[Provided data — start]

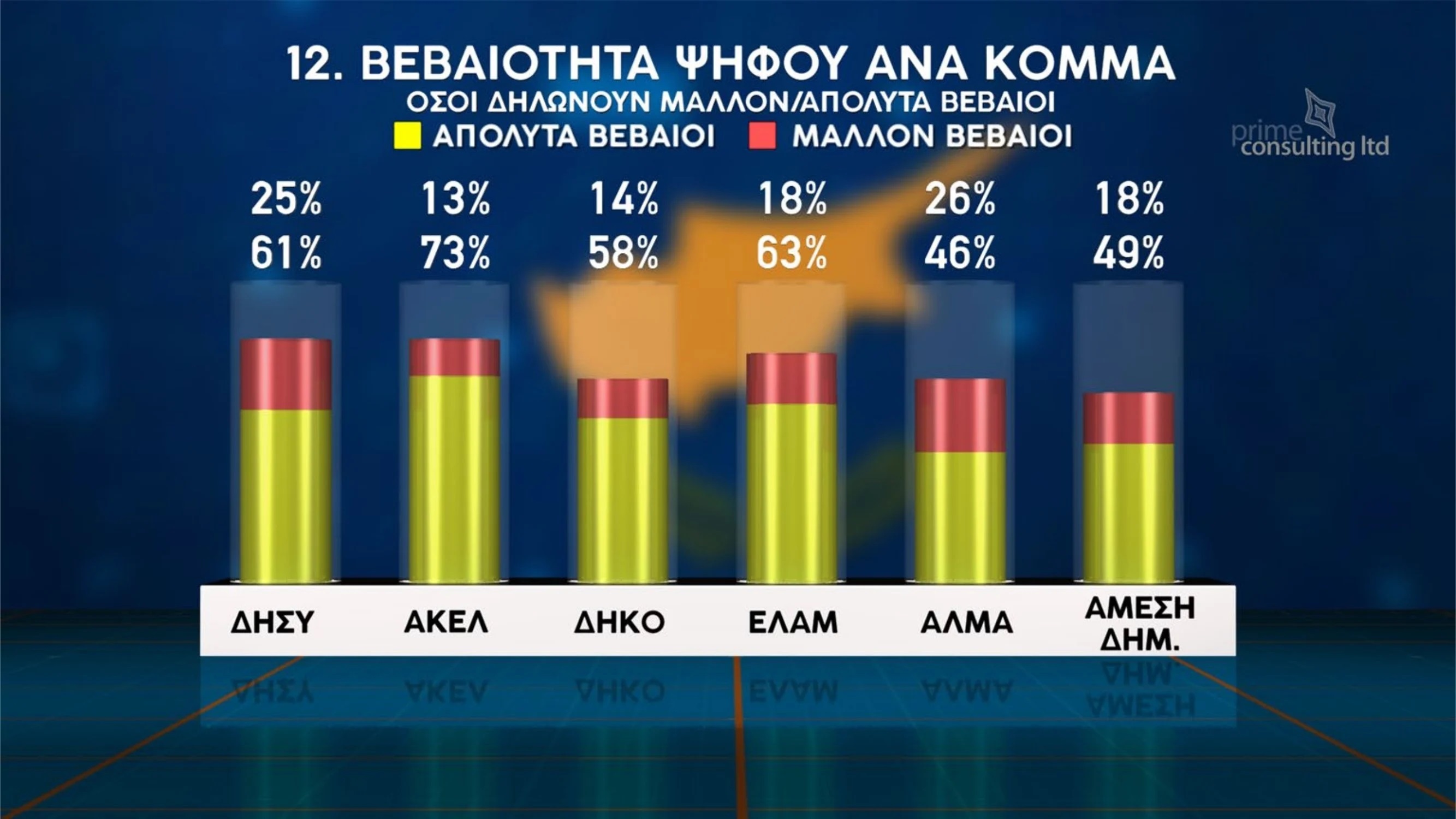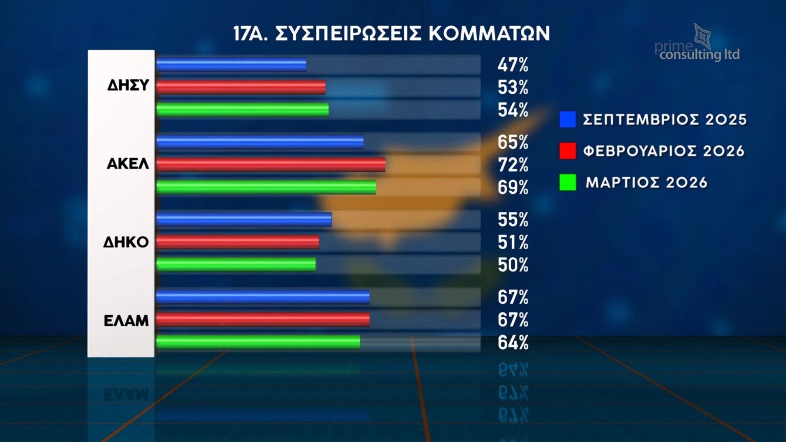 Τη μεγαλύτερη συσπείρωση καταγράφει το ΑΚΕΛ με 69%, ακολουθεί το ΕΛΑΜ με 64%, ο ΔΗΣΥ με 54%, το ΔΗΚΟ με 50%, η ΕΔΕΚ με 47%, η ΔΗΠΑ με 25% και το Κίνημα Οικολόγων – Συνεργασία Πολιτών με 15%.
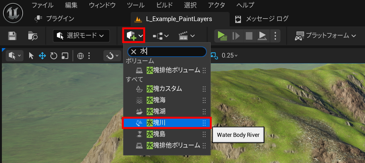 上メニューの■+アイコンをクリックして、検索欄に「水」と入力してから水塊川を選択。
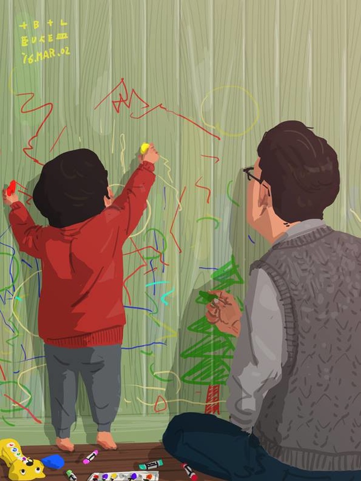 Όταν ο μπαμπάς σου είναι σκιτσογράφος, η ζωγραφική στον τοίχο μάλλον... επιτρέπεται.
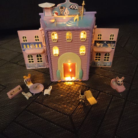 Hiiri-talo, jossa liukumäki, hissi, sänky, WC patterilla toimivalle hiirelle. Patterit vaihdettava hiireen.
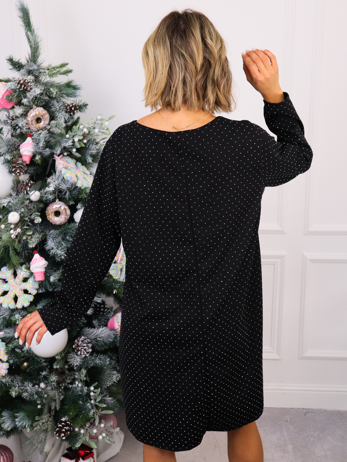 Sukienka zdobiona cyrkoniami.
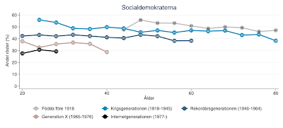 Socialdemokratin har under hela efterkrigstiden, i val efter val, lyckats att vara starkast i de grupper där det är viktigast att vara starkast: nämligen i de breda medelinkomstskikten. S har hela tiden lyckats förändra partiideologin i takt med väljarkårens ökade välstånd (eller förborgerligande om man så vill). Socialdemokratins största utmaning är att försöka göra om konststycket. Fast den här gången är förutsättningarna radikalt annorlunda: Moderniseringsepoken är över. Industrisamhällets logik och maktstrukturer är obsoleta. Hjärnkraft driver ekonomi och samhällsutveckling, inte muskel-, ång- eller elkraft. Kollektivistiska ideal och värderingar står i nedan. Sverige rör sig in i ett globaliserat, mångkulturellt informations- och nätverkssamhälle. Svenskarna är världens mest individualistiska folk enligt WVS. Det är i denna kontext Socialdemokratin söker ett nytt raison d’être (läs Jonas Hinnfors mycket läsvärda debattartikel i GP idag).

[Provided data — finish]

## Problem description
Look through the material above. Transcribe exactly the lines between the ones with "Όταν ο μπαμπάς" and "Sukienka zdobiona cyrkoniami.", inclusive, and keep pictures out.

## Solved problem
 Όταν ο μπαμπάς σου είναι σκιτσογράφος, η ζωγραφική στον τοίχο μάλλον... επιτρέπεται.
 Hiiri-talo, jossa liukumäki, hissi, sänky, WC patterilla toimivalle hiirelle. Patterit vaihdettava hiireen.
 Sukienka zdobiona cyrkoniami.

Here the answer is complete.